Figure 3 describes the persistence of vedolizumab use over time (time to event, in months, considering vedolizumab discontinuation). The cumulative survival curve for treatment discontinuation over time demonstrated that the probable period was 53.19 ± 2.97 months (95% confidence interval [CI]: 47.38–59.01).

Figure 3.

Figure 3.

Kaplan–Meier curve with survival analysis for discontinuation of vedolizumab over time.

Baseline colonoscopy findings were available in 64 patients, and active ulcerations were described in half of the patients (50.0%). A total of 53 patients underwent a control colonoscopy after vedolizumab initiation, in a mean period of 17.60 ± 27.36 months. Mucosal healing (complete absence of mucosal ulceration) was observed in 33/53 patients (62.3%).

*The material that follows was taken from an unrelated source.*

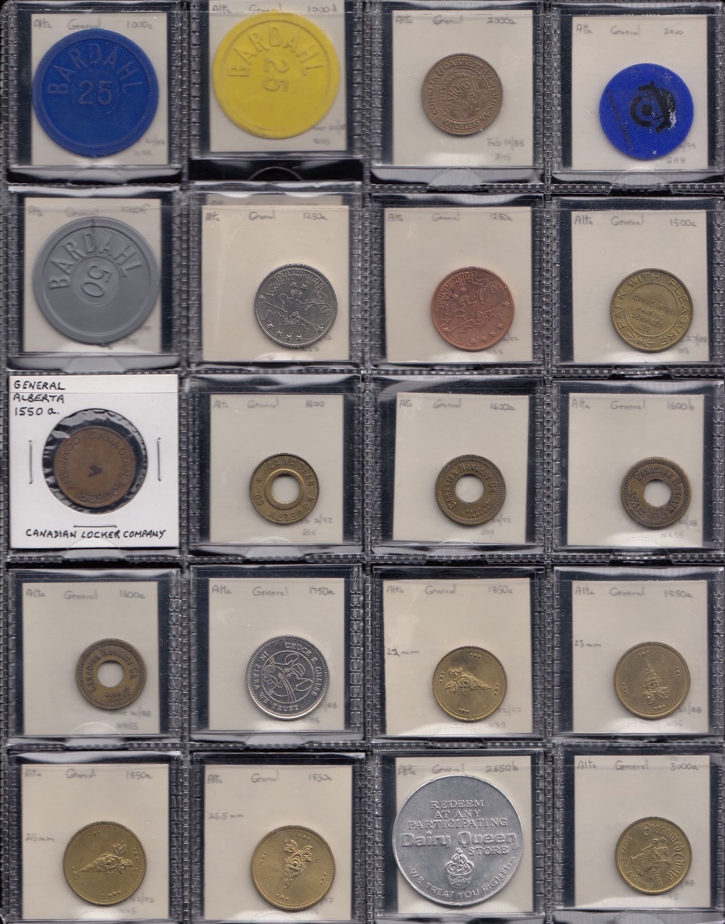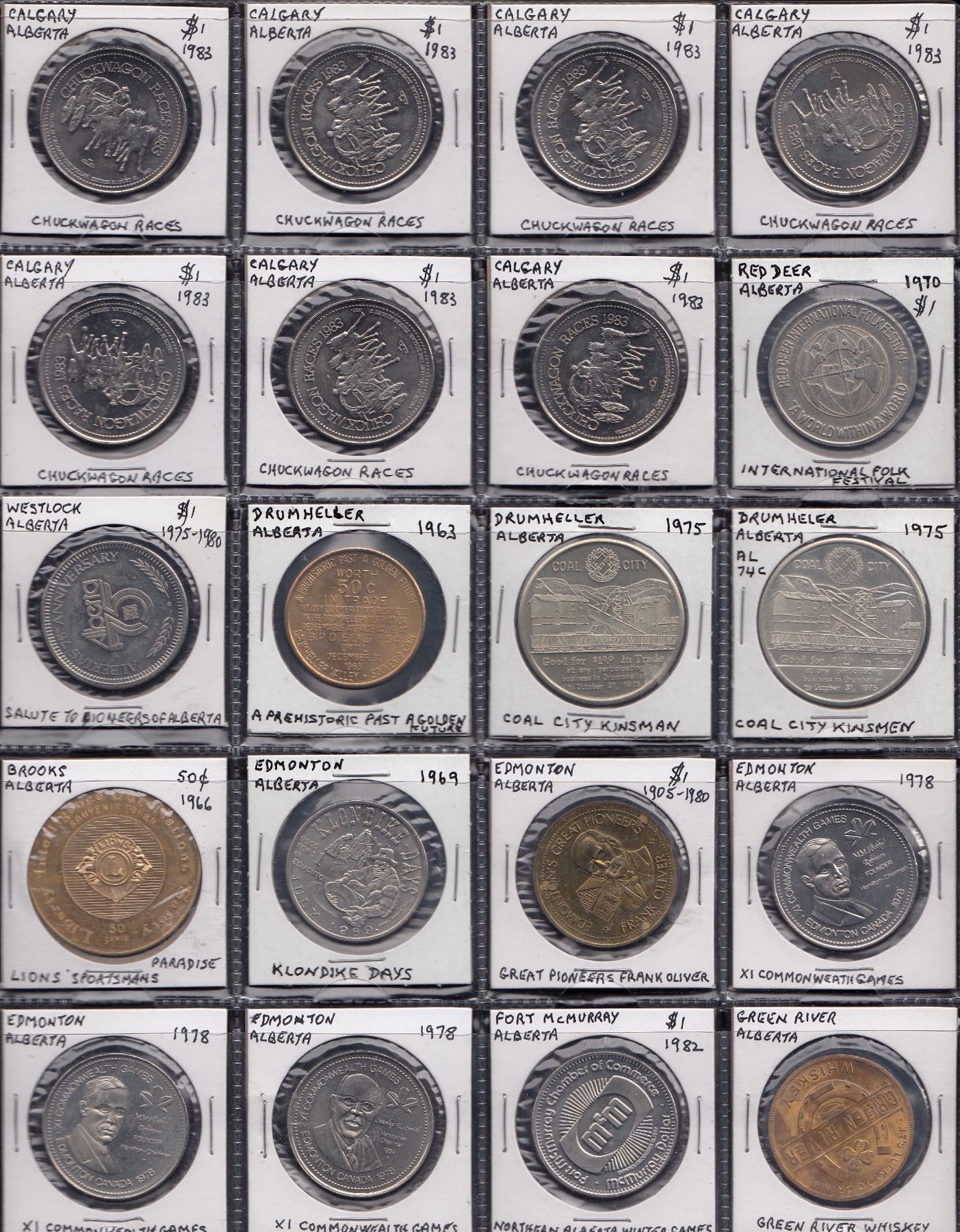 Alberta General Tokens; These tokens were used in the Province at multi locations and are not attributed to any specific town/city. Both Stewart and Jensen list these under the “General” category. There are 46 general tokens in this lot, as well as 4 misattributed pieces. Transportation & related: Calgary, Heritage Park CA4140a, b (ar); CA4140c, d (ar); CA4140e (2), Atwood 140A; CA4140g, Atwood 140B; CA4140i, Atwood 140C; CA4140k, Atwood 140D; Lethbridge, Handi-Bus L515c, Atwood 450B, L515b, Atwood 450D. Parking tokens; Calgary CA2040a (3); Edmonton, ED170d; Lethbridge, Lacidem L505, (4 all diff.); Red Deer, R270a (4), 2 counter stamped “Sisson Furs; 2 others attributed to Alberta, not catalogued. Labatt’s Brier 1997, Calgary set of 14 different medals incl. Brier Bear, and Provinces and Territories. Trade Dollars, various Alberta locations, 52 Pcs. Commemorative, various events etc. 33 Pcs. Advertising, Bruce, “The Ideal Place to Locate”, one br. other wm; Ellis & Grogan, Fire Baskets and Grates, Calgary, br. Should be viewed. Fine - Unc. 177 Pcs.

At baseline, 63 patients had disease activity evaluation with cross-sectional imaging methods (CT or MRI enterography) and 52/63 (82.5%) had active disease (contrast enhancement) of affected intestinal segments. Post-treatment imaging evaluation methods were performed in 46 patients, with radiological remission (absence of contrast enhancement) in 21 (45.7%).

During vedolizumab treatment, 3 patients underwent surgery (small bowel resection [n = 1]; ileocolonic resection [n = 1], and total colectomy with ileostomy [n = 1]). Figure 4 demonstrates the cumulative survival curve for abdominal surgery over time. The median time to surgery was 9.0 months ±4.9 (95% CI: 7.40–10.60).

Figure 4.

Figure 4.

Kaplan–Meier curve with time to surgery as the main event.

For safety analysis, the patient with less than 12 weeks of follow-up was considered. Overall, 9/67 patients (13.4%) developed noninfectious adverse events. In detail, the following adverse events were reported: Nonspecific symptoms in 6 patients (headache, fatigue, arthralgia), alopecia in 2 cases, and 1 case of an infusion reaction.

Eighteen patients (26.8%) developed an infectious adverse event during vedolizumab treatment. The most common infectious event was upper respiratory tract infection (n = 6). Clostridioides difficile infection was observed in 3 patients, a urinary tract infection occurred in 1 patient, and 2 patients had COVID-19 (1 with a mild condition and the other with hospitalization). There was 1 case of gastroenteritis, 1 of osteomyelitis, and 1 central nervous system abscess requiring surgical drainage. There were no deaths during the study period.

Discussion

This Brazilian multicentric study demonstrated the efficacy and safety profile of vedolizumab exclusively in naïve patients with mild-to-moderate CD. Clinical remission was observed in 69.7% of included patients after 6 months and 78.8% after 1 year of treatment, in the NRI analysis. Over the years, several real-life studies have demonstrated the effectiveness of vedolizumab in CD, confirming the results of pivotal studies.5–9 Most of these studies were performed in a more refractory population (moderate-to-severe CD), mainly consisting of patients with previous failure to other biologics, with a lower proportion of naïve patients. This multicentric Brazilian study demonstrated one of the first real-world evidence focused exclusively on evaluating the role of vedolizumab as the very first biological agent in mild-to-moderate CD, after failure to conventional therapy.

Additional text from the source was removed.